Note bene! Some of these recipes incorporate the peels and you probably don’t want to eat peels covered in pesticide residue. You can find organic lemons at many grocery stores but they may be coated in food-grade wax. If, like me, you would prefer not to eat peels coated in wax, ask your grocer if the lemons have been coated. I have read online that you can pour boiling water over waxed lemons and then scrub off the wax. However, hot water will kill the beneficial microbes that you need to make the preserved lemons below.

1. Preserved Lemons

If you can find preserved lemons in a grocery store, they will cost you a small fortune—around 10 dollars for an 8-ounce jar, more for organic. Although they are worth the price, if you have a jar, some salt, a bunch of lemons and patience—these sit for a month or longer—you can easily make them yourself. I used about 10 lemons for each 1-liter jar pictured below—six to preserve and four for additional juice that goes into the jar.

Go here for the preserved lemons recipe.

Not sure what to do with your lemons once they are ready? See #2 and #3.

2. Hummus with Preserved Lemon

Preserved lemons go really well with beans and legumes, which play a big role in the planetary health diet, “The first science-based diet that tackles both the poor food eaten by billions of people and averts global environmental catastrophe.” Read about the diet here (hint: eat less red meat in Western countries).
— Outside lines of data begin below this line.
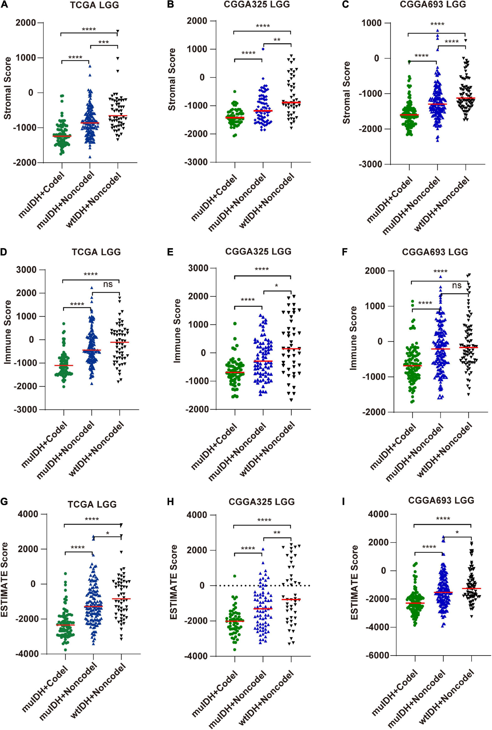 Estimating the infiltrating level of stromal cells, immune cell, and tumor purity in LGG using ESTIMATE algorithm. (A–C) Stromal score (positively correlated with the level of stromal cell in tumor) of samples in different subgroups in TCGA LGG (A), CGGA325 LGG (B), and CGGA693 LGG (C). (D–F) Immune score (positively correlated with immune cell infiltration in tumor) of samples in different subgroups in TCGA LGG (D), CGGA325 LGG (E), and CGGA693 LGG (F). (G–I) ESTIMATE score (negatively correlated with tumor purity) of samples in different subgroups of LGGs in TCGA LGG (G), CGGA325 LGG (H), and CGGA693 LGG (I). Each symbol represents an individual patient. The number of patients in each subgroup was shown in Figure 1. The mean scores are indicated by red lines. P values are inferred from a two-sided Student’s t-test or Mann-Whitney test. *p < 0.05, **p < 0.01, ***p < 0.001, ****p < 0.0001.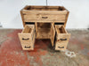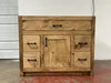 Elevate your bathroom with this custom single sink vanity, expertly handcrafted in the USA from premium northeastern white pine. Made in America with meticulous attention to detail, this vanity is sanded, stained, and sealed to highlight the natural beauty and durability of the wood. Designed for those seeking a personalized centerpiece, you can select your preferred size, stain color, and hardware to perfectly suit your space. While the countertop is not included, this solidly built piece provides an ideal foundation for any high-quality top. Each vanity is made-to-order, ensuring a bespoke finish crafted just for you from a family-owned workshop in Indiana dedicated to quality and craftsmanship. Experience the warmth and character of an American-made bathroom vanity that blends traditional woodworking skills with modern customization options.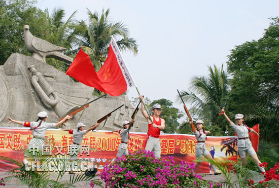1月9日,由中国文联、中国舞协、海南省文联组织文艺家深入到红色娘子军诞生地海南省琼海市的“送欢乐、下基层”文化惠民活动在红色娘子军纪念园举行演出。图为演出现场。中国文联网 彭宽 摄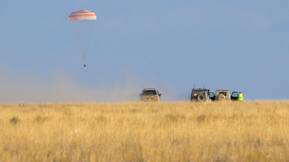 Френк Рубіо, з широкою посмішкою на обличчі, був перенесений з космічного корабля «Союз МС-23» після успішного повернення на Землю у хмарі пилу неподалік міста Жезказган у казахстанському степу. Перебування протягом тривалого часу в умовах низької гравітації на МКС позначилося на його м’язах, і рятувальникам довелося самим витягувати його з капсули.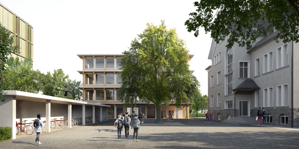 - ein Schulhaus-Neubau zur Erweiterung des Primarschulhauses Mitteldorf mit Schülerhort und ein zusätzliches Wohn- und Geschäftsgebäude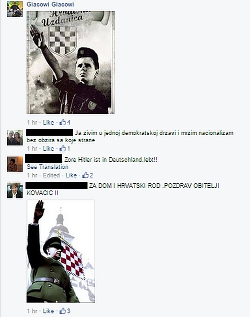 U pitanju je cijeli niz ovjekovječenih nacističkih pozdrava. Tek nešto manje nego ova fotografija, šokantne su poruke podrške koju je za fotografiju Kovačić dobio na svom Facebook profilu.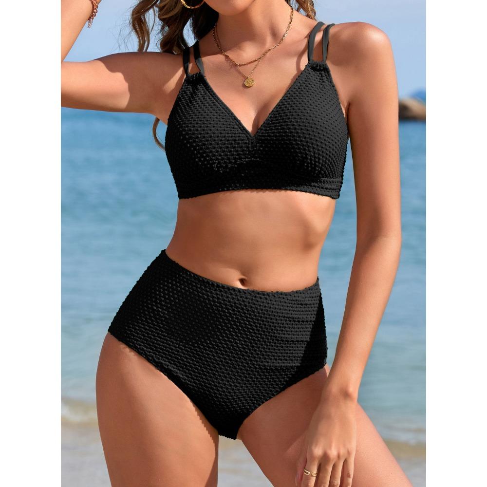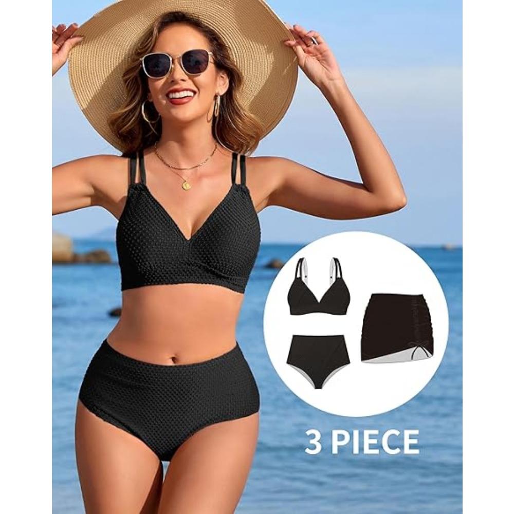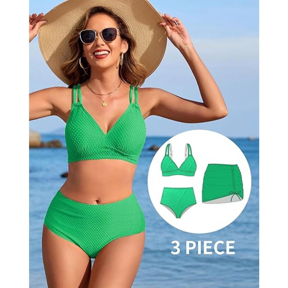 Chrmleaks Женский комплект бикини из 3 частей с текстурой, с высокой талией, полностью закрывающий купальник, завязывающийся на шнурок, с юбкой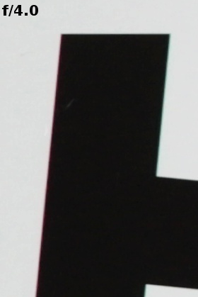 The lateral chromatic aberration doesn’t depend on the aperture value almost at all for a change – in the whole range it keeps the level of 0.09%, which is considered as a borderline between low and medium aberration values. Once again such a result is better than that of the Sony 2.8/16, which showed very high aberration level (ranging from 0.17 to 0.22%).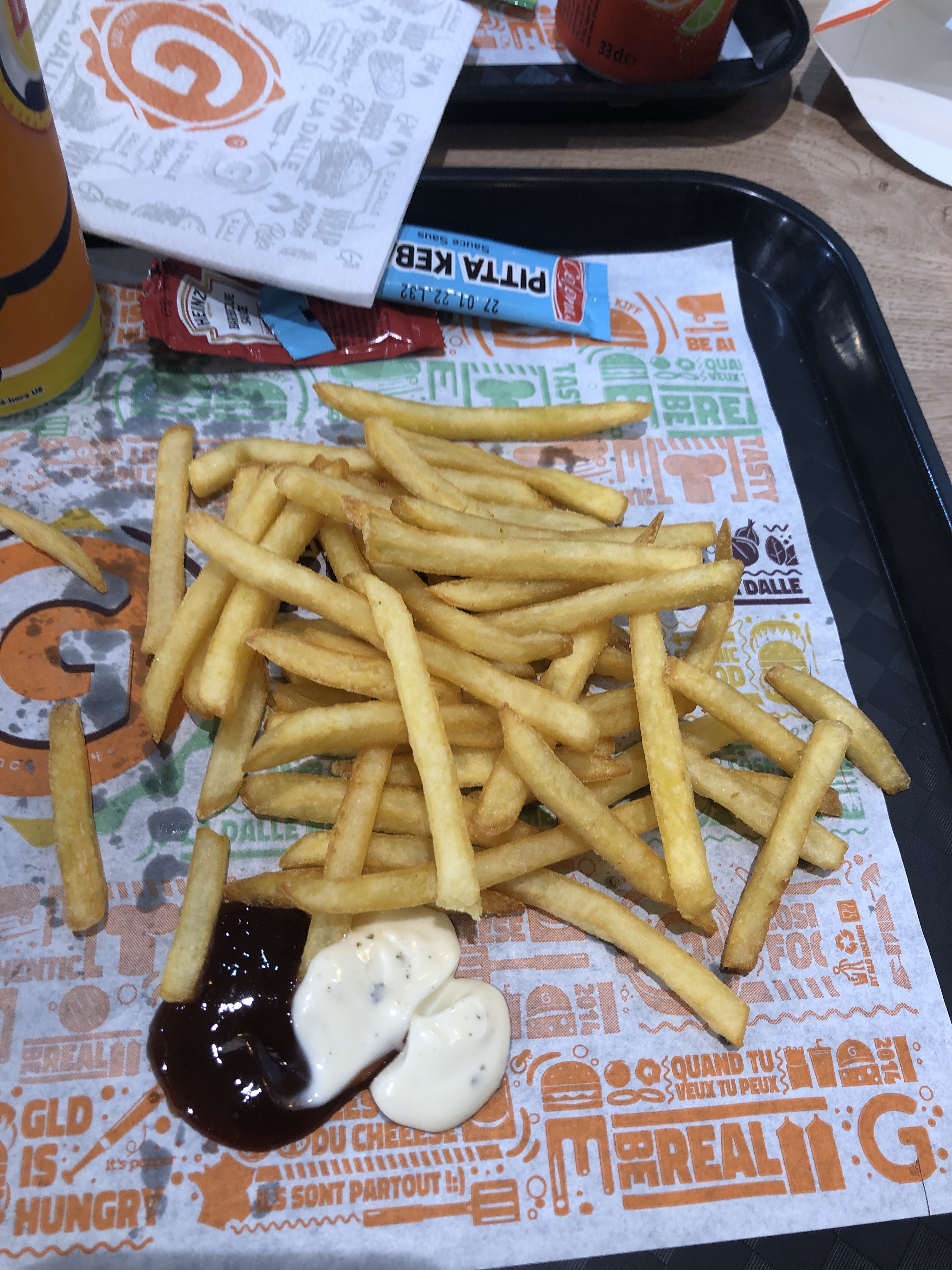 G la galle par ou commencer…. Je vous laisse admirer la quantité de frite d’un menu à 9€ ! Le wrap mdr c’est pas un wrap que j’ai mangé mais bien un tacos, le concept n’est apparemment pas compris chez g la galle. Cet enseigne m’a dégoûté du concept de la restauration rapide et si vous avez la dalle n’allez pas là-bas…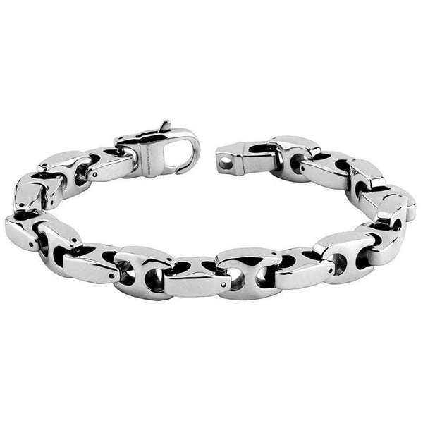 The mariner chain link bracelet is made of solid tungsten carbide.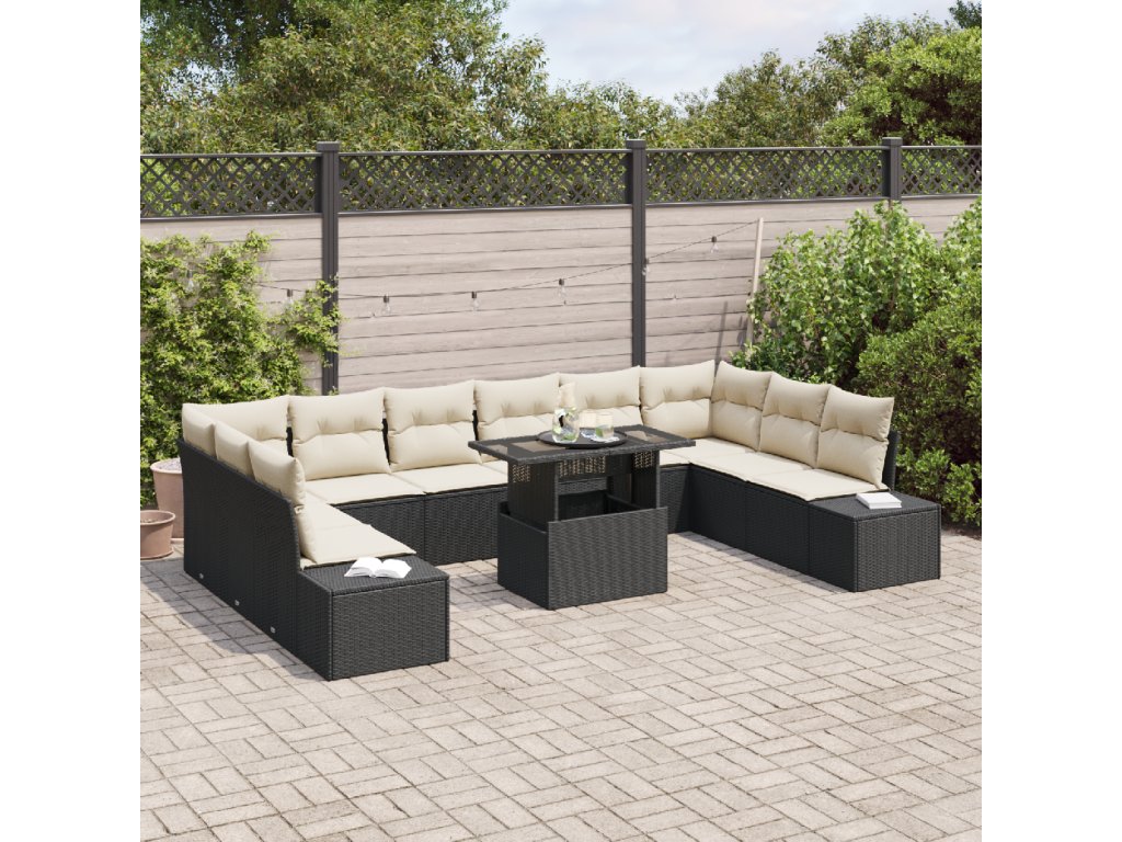 Tato 11-dílná zahradní sestava s polštáři udělá z tvého venkovního prostoru trendy místo k setkání. Kombinuje moderní ratan s měkkými polštáři pro maximální pohodlí. Je ideální pro každou příležitost, ať už plánuješ rodinnou oslavu nebo chceš vytvořit útulný koutek na svém balkoně či terase.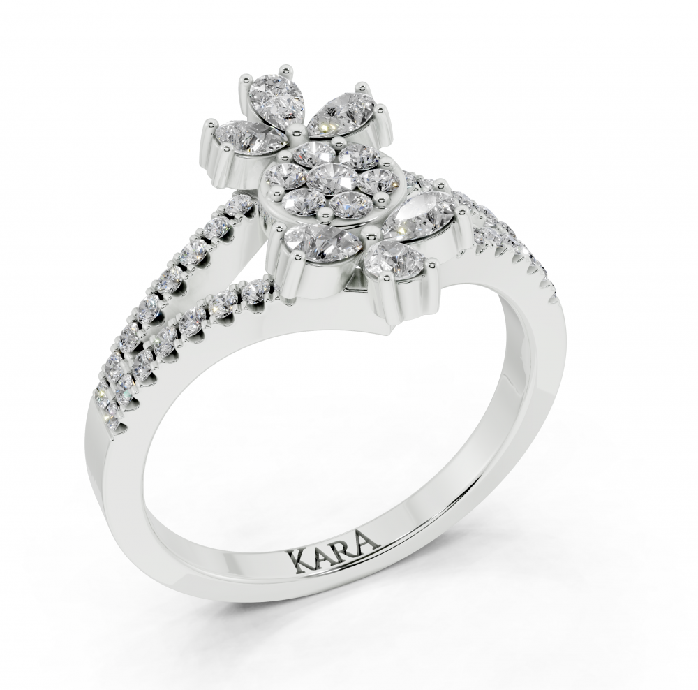 Inel din aur alb de 14K, cu diamante Pear Cut de 0.31 ct si diamante rotunde de 0.30 ct. Greutatea inelului este de aproximativ 3.50 grame. Inelul se poate face pe comanda si din aur de 18K. Putem modifica design-ul in functie de bugetul dumneavoastra.

When you set out on the plastic-free or zero-waste path, your hummus intake becomes inversely proportionate to the amount of trash you reduce. It’s a well-known phenomenon 😉

Preserved lemons contain a surprising amount of oil so I don’t add olive oil to this hummus recipe. I love conserving my expensive olive oil for other recipes! We go through lots of it.

Go here for the hummus recipe with preserved lemon.

3. Olive and Preserved Lemon Spread

This recipe is something like tapenade but I don’t call it that because I don’t add capers. It would taste good with them though, I just don’t usually have many on hand. Bulk heaven in San Francisco (aka Rainbow Grocery) may sell them. I will have to check the next time I go.

This dip tastes delicious with sourdough bread or sourdough crackers. Here is the recipe.

4. Lemon Extract

Don’t want to see lemon season end? Make this lemon extract to infuse lemony goodness into cakes, muffins, cookies, pancakes and more.

If you do make the preserved lemons, you will have lots of lemon peels left over from squeezing the juice necessary to cover the lemons in your jar. This extract—made like vanilla extract but with lemons—will use up some of those peels. Keep in mind that lemons zest more easily before you juice them.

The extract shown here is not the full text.